Release Date: April 13, 2012 (limited)
Studio: Roadside Attractions
Director: Steve Taylor
Screenwriter: Donald Miller, Steve Taylor, Ben Pearson
Starring: Marshall Allman, Claire Holt, Tania Raymonde
MPAA Rating: Independent Film
Official Website: BlueLikeJazzthemovie.com
To use the cliche, overused term, Blue Like Jazz is a true coming of age story that puts Donald Miller, our hero, in a disturbing situation involving family deception and motives, compelling him to escape his evangelical upbringing and discover a new, and completely different life.
Miller accepts his enrollment at one of the more progressive colleges in America, Reed College in Portland Oregon. There he discovers, not only a newness of life, virtually free of evangelical Christians, but also a community of broad minded thinkers that take it upon themselves to integrate Miller into their click, taking on the “establishment” head first. Thus follows a series of events that will challenge Miller to examine himself, his beliefs, and his relationship with those he loves.
This is a film about doubt and facing those doubts. Like most overly Christian films and books, Blue Like Jazz fell into the category of cheese and camp for me…something that would, most likely, make me hurl or compel me to slam my head against a wall. Being a graduate of a small, liberal arts Christian college, I remember seeing this book floating around amongst the other books by “Christian” authors. Everyone kept telling me it was a great read, but my preconceived notions led me to believe otherwise. But I decided to give the film a try and have a much more condensed version of what seems to be a very influential story for many Christians.
Blue Like Jazz was surprisingly refreshing, well written, captivating, and expertly executed into a two hour cinematic delight. Instead of presenting us with a story of being a contagious Christian, the film is about simply being human and being honest with yourself. You’ll see no pulpit pounding or Bible thumping in this film, but rather Miller pounding away with alcohol, sex, college, homosexuality, atheism, and secular vigilantism – a complete 180 degree difference from his life before college.
If this story is completely true, without any exaggeration, Then I wonder about the types of people this college drew in. With time to think about film after leaving the theater, I began to wonder how much of the characters were revamped to help Miller’s story seem to be MORE than what it actually was – is it possible that every student enrolled at Reed is a lesbian atheist trying to find new ways of fighting the corporations of the world and defacing religious institutions?
The film doesn’t waste time (and this is my favorite aspect of the film) with delving into preachy condemations of these student’s behavior, but rather, with curious eyes, watches Don Miller slowly integrate into this anti-everything, activist group. And like many of us immersing ourselves into a new culture, Miller accepts the assimilation, very much wanting to become one of them. As a result, he covers his true self up and tucks it behind a plethora of cynicism that he believes his new found friends adhere to.

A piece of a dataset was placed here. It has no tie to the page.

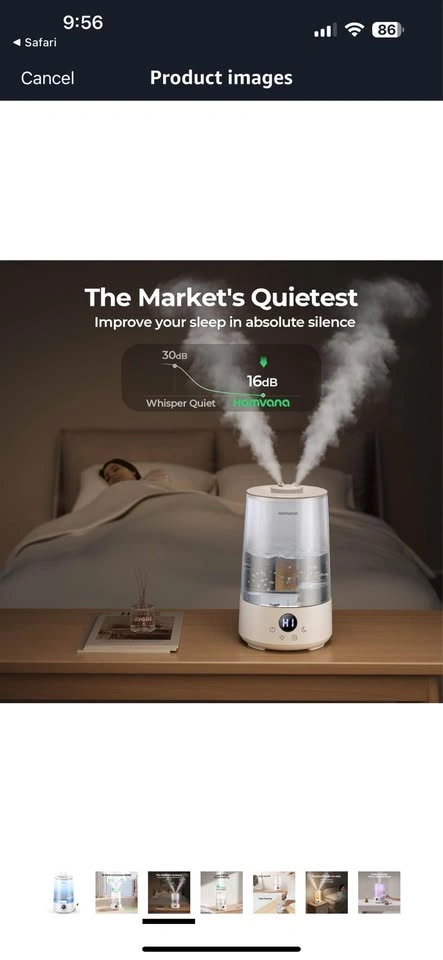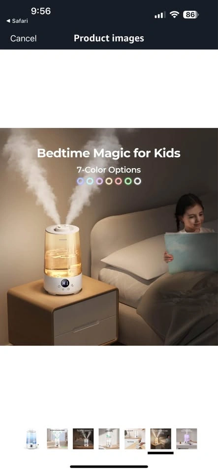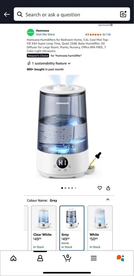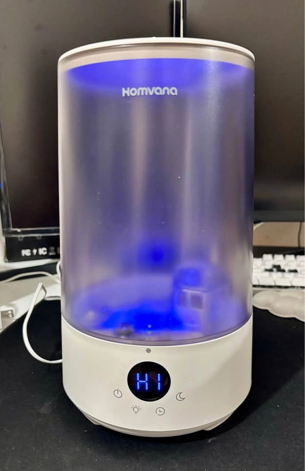 Condition: New-Open Box Retail Price: $50 Homvana Humidifiers (grey) for Bedroom Home, 3.6L Cool Mist Top-Fill 34H Super Long Time, Quiet 23dB, Baby Humidifier, Oil Diffuser for Large Room, Plants, Nursery, Office BPA FREE, 7 Color Light Ultrasonic Brand - Homvana Special feature - Cool Mist Humidifiers Colour - Grey Filter type - Filter Free Capacity - 3.6 liters Floor area - 16 dB Product Dimensions 19.5D x 20.7W x 28.5H Centimetres

Of course, this misses the point as he soon finds out that none of this clicky band blindly follow their cynical ways – they are all exceptionally passionate about a certain set of values that differ from one another in some fashion, yet are similar in strange ways. Miller fails to recognize this and believes his friends are being defiant simply for the sake of being defiant. Only shortly after the film’s half way point does he begin to understand who his friends are and what they stand for, and by extension, himself.
It’s a bold tale that does a fantastic job at fusing its religious themes with its beer-chugging characters to make an interesting and surprisingly contemporary look at one’s faith. It attempts to examine the existential struggles that many, like Don Miller, deal with when entering into a new faze of their life. In that regard, it might just be one of the more relatable films that have come around in the last ten years.
Of course, the story is still cheesy; there have only been a few Christian based stories that have found a way of breaking free of the camp and becoming a truly well written and inspirational narrative. But while Blue Like Jazz is quite hokey, it’s powerful and inspirational message is delivered eloquently and effortlessly. It presents a challenge for all its viewers, asking the question, “do we hold onto certain convictions and ideals simply to fit in or sound important while abandoning what we truly believe and cherish?” How many of us Christians, who have gone through similar situations, can reply “AMEN” to that? (I’m guessing it’s a majority.)
It took rolling around in a port-a-potty, smelling like beer and feces to make him come to terms with his situation. He hadn’t become this cynical young man due to any personal convictions or mission to change the world for the better. He was simply trying to escape his mother and family who had lied to him, running away from everything that they had taught him. He had been misrepresenting himself and the God that he believed in. THAT is a powerful realization to come to that not everyone is willing to accept.
Youth groups around the world who are taking trips to the theater to watch this film and discuss it later, don’t fall victim to your youth pastor spilling out the phrase, “You can choose to make the better decision, not go through this and accept Christ in your life now and be free of the stain of doubt.” If that happens, and YOU accept it, you’d have missed the point of the film entirely.
So take some time and watch this film – completely and utterly Christian with an obvious Christian message that won’t annoy you or make you feel like you’ve died inside. This is, without a doubt, one of the very few films based on a novel, that has inspired me to read the book.